London: Eight badminton players were dramatically disqualified from Olympic competition after a scandal over “throwing” matches left the sport in an uproar.
Four pairs in the women’s doubles competition—one from China, one from Indonesia and two from South Korea—were barred after being hit with disciplinary charges by the Badminton World Federation (BWF). A source with knowledge of the proceedings confirmed to AFP that the eight women had been disqualified for trying to deliberately lose matches in the round robin phase to manipulate the knockout draw.
The eight badminton players at the heart of the scandal had been charged with “not using one’s best efforts to win a match” and “conducting oneself in a manner that is clearly abusive or detrimental to the sport”. Angry spectators jeered and booed the players after they appeared to deliberately serve into the net or hit the shuttlecock long or wide.
They were allegedly attempting to manipulate the final standings in the first-round group stage, with two pairs who had already qualified apparently wanting to lose to secure a favourable draw in the next round.
The Group A match between the powerful Chinese top seeds Yu Yang and Wang Xiaoli and unseeded South Korean pair Jung Kyung and Kim Ha-Na came under scrutiny by the BWF after the Chinese lost heavily. The longest rally in the match was just four shots.
Their defeat meant Yu and Wang avoided playing fellow Chinese pair Tian Qing and Zhao Yunlei, who had finished second in Group D, in the quarter-finals due to be played later on Wednesday.
Yu said after the match: “We’ve already qualified, so why would we waste energy? It’s not necessary to go out hard again when the knockout rounds are tomorrow.”
The badminton row is not the only controversy surrounding China’s Olympic team. On Tuesday, Chinese teenage swimming sensation Ye Shiwen said a doping row surrounding her in London had inspired her to a second Olympic gold medal, with victory in the 200m medley.
Logo police on the prowl
London:A crackdown by “logo police” on brands being linked to the Olympics without official sponsorship rights is proving a challenge rather than hindrance for some companies, which are relishing testing the limits.

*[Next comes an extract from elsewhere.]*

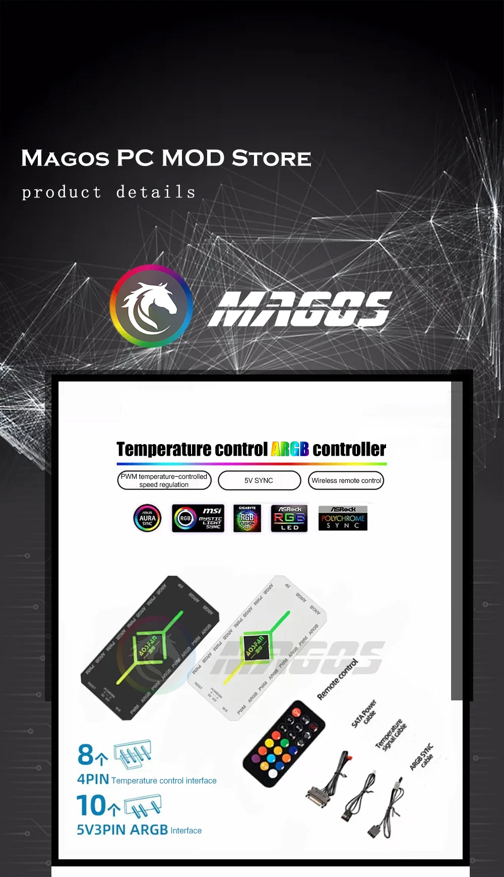Controlador RGB de ordenador 8X 4 pines PWM + 10X 3 pines 5V conector ARGB ventilador de gabinete remoto inalámbrico/Hub ARGB

London Games organizers have enforced strict rules to protect official trademarks and stop ambush marketing but have been accused of “lunacy” for ordering shops to remove sausages, flowers and bagels shaped as Olympic rings. Within the Olympic Park, sushi boxes come without soy sauce or wasabi as the vendors are unable to find sachets that do not feature brand logos.
Some food stalls are selling chocolate, chewing gum and savoury snacks under the counter as they cannot display items not produced by key sponsors. Outside the park, companies are coming up with novel ways to piggyback on the Games without running foul of a 2006 British law that tightened protection for Olympic sponsors and has the clout of fines of up to £20,000 (or Rs17.38 lakh).
A group of 11 international companies is sponsoring the event, paying nearly $1 billion (or Rs5,548 crore) for the chance to have their brands associated with the Games and the Olympic rings over four years. A further £700 million has been paid by 42 domestic sponsors.
Half full or half empty?
London: After days facing criticism for swathes of empty seats at venues, organizers at the London Olympics said 2.1 million people attended events in the first three full days of competition. Games organizers said 86% of ticket-holders showed up on Saturday, 92% on Sunday and 88% on Monday.
The gaps have been blamed mostly on officials from sports governing bodies and national Olympic committees not using their allocations of prime seats. Empty seats in privileged spots angered many Britishers who failed in their applications to get Games tickets in public ballots.
Ticket sales here are mandated to the London organizing committee (Locog), which pledged that 75% would reach British residents. A total of 856,000 spectators attended events on Saturday, including a “conservative” estimate of 500,000 on the men’s cycling road race route. It was 900,000 on Sunday, when eight men’s football matches were played. An estimated 300,000 lined the women’s cycling route. Monday’s overall attendance was 370,000.
Sydney: Indigenous leaders have defended Australian boxer Damien Hooper’s decision to wear a T-shirt with the Aboriginal flag at the Olympics, saying he should not have to apologize for the move. Hooper was warned by Australia’s chef de mission Nick Green not to wear the shirt again after sporting it at his opening fight on Monday.
Green said Hooper had apologized and assured him it would not happen again, given that it was a long-standing rule at the Olympics that only flags of competing nations can be displayed at Games events. But the National Congress of Australia’s First Peoples, which advocates for the rights of Aboriginal and Torres Strait Islanders, said the incident was “bureaucratic insanity”.
“Boxer Damien Hooper has a right to show his identity as an Aboriginal person in the Australian team,” it said in a statement issued late on Tuesday. “He has nothing to apologize for. Our peoples should be able to show that they are both Aboriginal and Australian.”
The Aboriginal flag has been the cause of controversy before, with indigenous runner Cathy Freeman sparking debate in 1994 when she celebrated her Commonwealth Games 200m gold by doing a victory lap with it.